- **ABOUT THIS EXERCISE**
Could you repeat the data word for word while skipping the pictures?

- **DATASET EXCERPT**
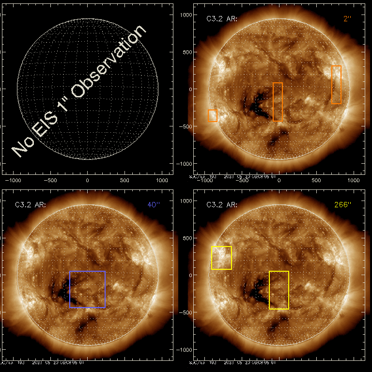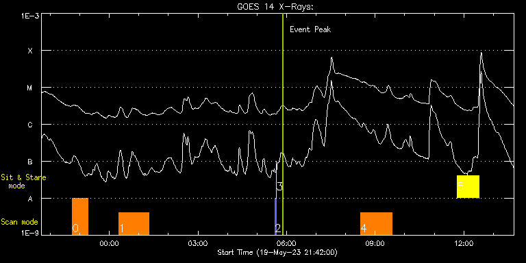 EIS Observation timeline overlay to GOES-Xray curve Code 1" 2" 40" 266" EIS Observations list for this event: STUDY ACRONYM ID DATE OBSERVED DESCRIPTION NOAA# TARGET 0 Atlas_30 | 86381 | 2023/05/19 22:44:43 | Full CCD spectra above the east limb f | | Quiet Sun TIMELINE ID DATE OBSERVED FITS FILE XCEN (+W/-E) YCEN (+N/-S) DUR ----------------------------------------------------------------------------------------------------------------- 86381 | 2023/05/19 22:44:43.000 | eis_l0_20230519_224443.fits.gz | -893.36 | -362.88 | 31m39s 1 Large_CH_Map | 86329 | 2023/05/20 00:19:14 | Cycle 24/25 equatorial transition. | | Quiet Sun TIMELINE ID DATE OBSERVED FITS FILE XCEN (+W/-E) YCEN (+N/-S) DUR ----------------------------------------------------------------------------------------------------------------- 86329 | 2023/05/20 00:19:14.000 | eis_l0_20230520_001914.fits.gz | -16.77 | -175.08 | 1h1m52s 2 PRY_slot_contextLITE | 86332 | 2023/05/20 05:36:19 | Pointing Monitoring | | Active Region TIMELINE ID DATE OBSERVED FITS FILE XCEN (+W/-E) YCEN (+N/-S) DUR ----------------------------------------------------------------------------------------------------------------- 86332 | 2023/05/20 05:36:19.000 | eis_l0_20230520_053619.fits.gz | 0.68 | -195.00 | 2m57s 3 XRT_synop_AIA | 86333 | 2023/05/20 05:39:34 | Pointing Monitoring | | Quiet Sun TIMELINE ID DATE OBSERVED FITS FILE XCEN (+W/-E) YCEN (+N/-S) DUR ----------------------------------------------------------------------------------------------------------------- 86333 | 2023/05/20 05:39:34.000 | eis_l0_20230520_053934.fits.gz | 0.43 | -207.00 | 10s 4 DHB_007_v2 | 86328 | 2023/05/20 08:29:50 | AR filaments form along the magnetic n | 3302 | Active Region TIMELINE ID DATE OBSERVED FITS FILE XCEN (+W/-E) YCEN (+N/-S) DUR ----------------------------------------------------------------------------------------------------------------- 86328 | 2023/05/20 08:29:50.000 | eis_l0_20230520_082950.fits.gz | 773.97 | 54.26 | 1h3m57s 5 Flare266_Hunter01 | 86394 | 2023/05/20 11:46:34 | Flare watch | 3311 | Flare TIMELINE ID DATE OBSERVED FITS FILE XCEN (+W/-E) YCEN (+N/-S) DUR ----------------------------------------------------------------------------------------------------------------- 86394 | 2023/05/20 11:46:34.000 | eis_l0_20230520_114634.fits.gz | -769.90 | 228.51 | 43m59s : Check study information : Download file : View thumbnails For this event, also check for:
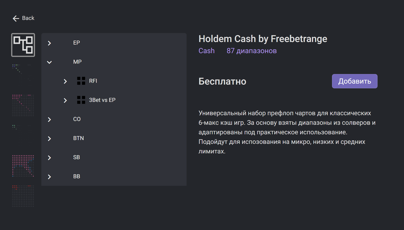 В Freebetrange есть все, что вам нужно для отработки префлопа:
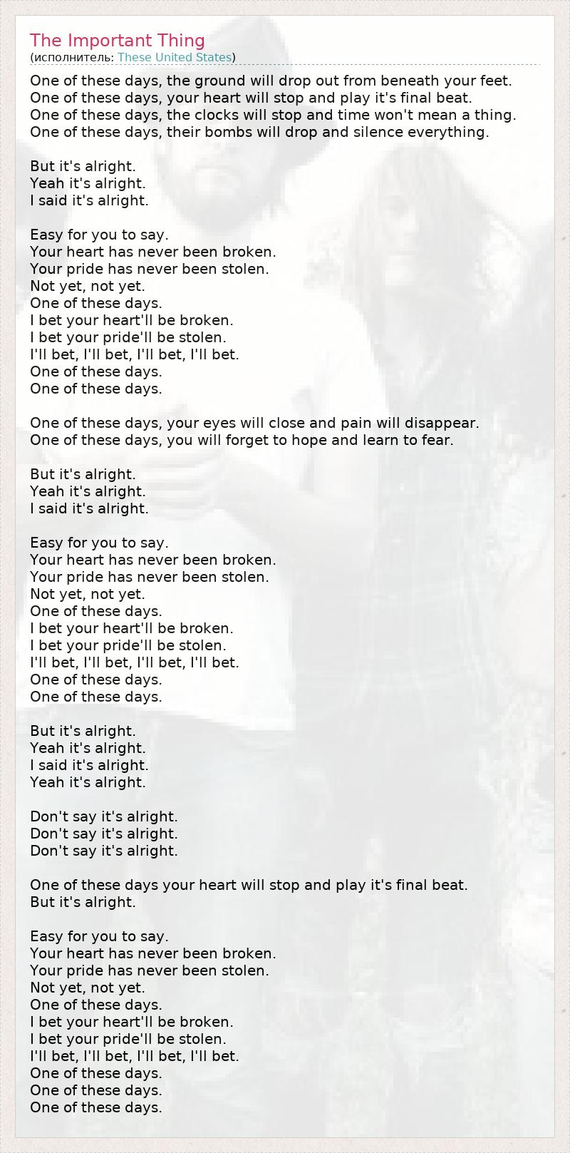 А как ты думаешь, о чем песня "The Important Thing" ?
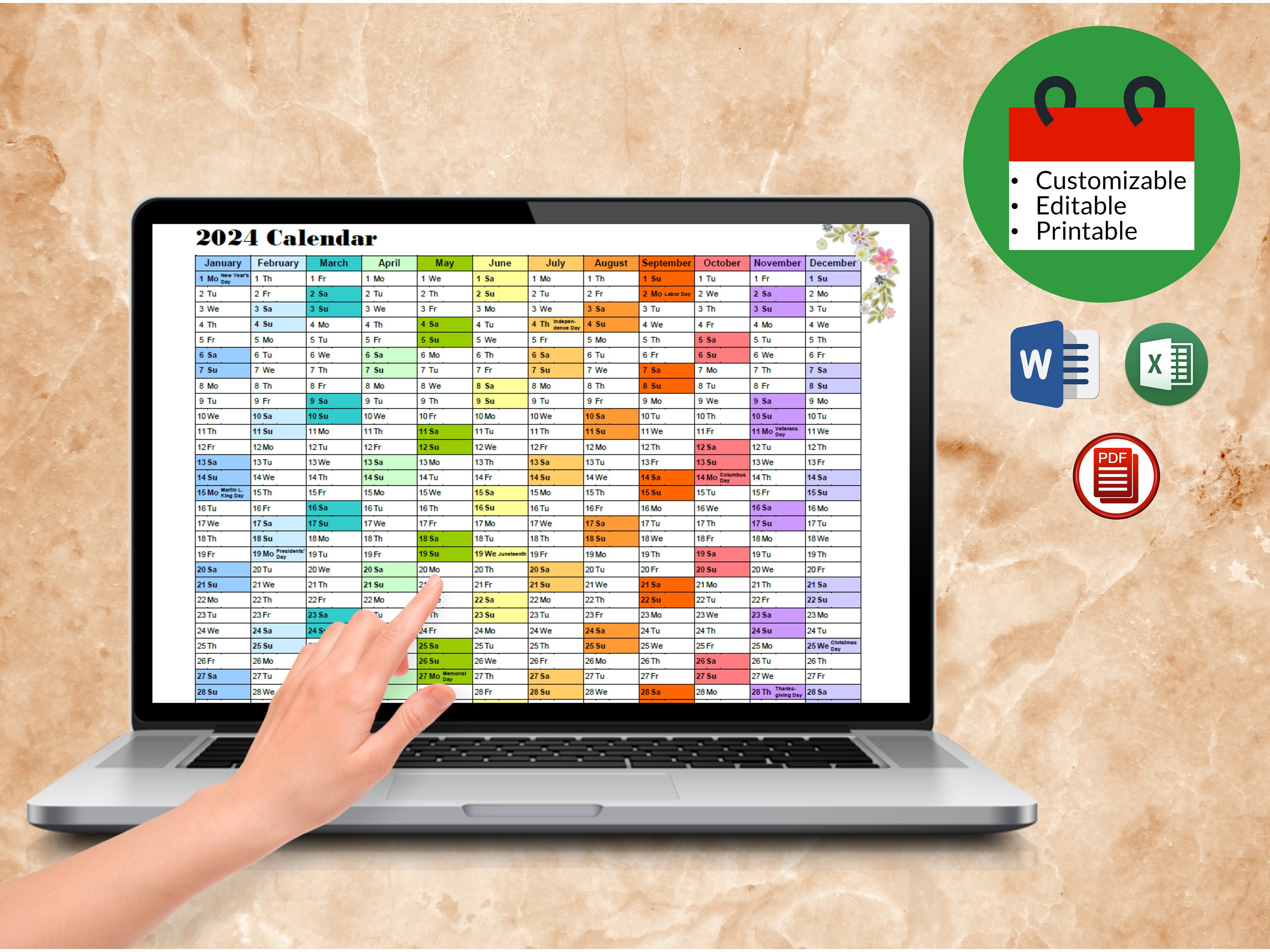 Free Editable Calendar Template 2024 Word Printable Templates Free

- **EXPECTED OUTPUT**
 EIS Observation timeline overlay to GOES-Xray curve Code 1" 2" 40" 266" EIS Observations list for this event: STUDY ACRONYM ID DATE OBSERVED DESCRIPTION NOAA# TARGET 0 Atlas_30 | 86381 | 2023/05/19 22:44:43 | Full CCD spectra above the east limb f | | Quiet Sun TIMELINE ID DATE OBSERVED FITS FILE XCEN (+W/-E) YCEN (+N/-S) DUR ----------------------------------------------------------------------------------------------------------------- 86381 | 2023/05/19 22:44:43.000 | eis_l0_20230519_224443.fits.gz | -893.36 | -362.88 | 31m39s 1 Large_CH_Map | 86329 | 2023/05/20 00:19:14 | Cycle 24/25 equatorial transition. | | Quiet Sun TIMELINE ID DATE OBSERVED FITS FILE XCEN (+W/-E) YCEN (+N/-S) DUR ----------------------------------------------------------------------------------------------------------------- 86329 | 2023/05/20 00:19:14.000 | eis_l0_20230520_001914.fits.gz | -16.77 | -175.08 | 1h1m52s 2 PRY_slot_contextLITE | 86332 | 2023/05/20 05:36:19 | Pointing Monitoring | | Active Region TIMELINE ID DATE OBSERVED FITS FILE XCEN (+W/-E) YCEN (+N/-S) DUR ----------------------------------------------------------------------------------------------------------------- 86332 | 2023/05/20 05:36:19.000 | eis_l0_20230520_053619.fits.gz | 0.68 | -195.00 | 2m57s 3 XRT_synop_AIA | 86333 | 2023/05/20 05:39:34 | Pointing Monitoring | | Quiet Sun TIMELINE ID DATE OBSERVED FITS FILE XCEN (+W/-E) YCEN (+N/-S) DUR ----------------------------------------------------------------------------------------------------------------- 86333 | 2023/05/20 05:39:34.000 | eis_l0_20230520_053934.fits.gz | 0.43 | -207.00 | 10s 4 DHB_007_v2 | 86328 | 2023/05/20 08:29:50 | AR filaments form along the magnetic n | 3302 | Active Region TIMELINE ID DATE OBSERVED FITS FILE XCEN (+W/-E) YCEN (+N/-S) DUR ----------------------------------------------------------------------------------------------------------------- 86328 | 2023/05/20 08:29:50.000 | eis_l0_20230520_082950.fits.gz | 773.97 | 54.26 | 1h3m57s 5 Flare266_Hunter01 | 86394 | 2023/05/20 11:46:34 | Flare watch | 3311 | Flare TIMELINE ID DATE OBSERVED FITS FILE XCEN (+W/-E) YCEN (+N/-S) DUR ----------------------------------------------------------------------------------------------------------------- 86394 | 2023/05/20 11:46:34.000 | eis_l0_20230520_114634.fits.gz | -769.90 | 228.51 | 43m59s : Check study information : Download file : View thumbnails For this event, also check for:
 В Freebetrange есть все, что вам нужно для отработки префлопа:
 А как ты думаешь, о чем песня "The Important Thing" ?
 Free Editable Calendar Template 2024 Word Printable Templates Free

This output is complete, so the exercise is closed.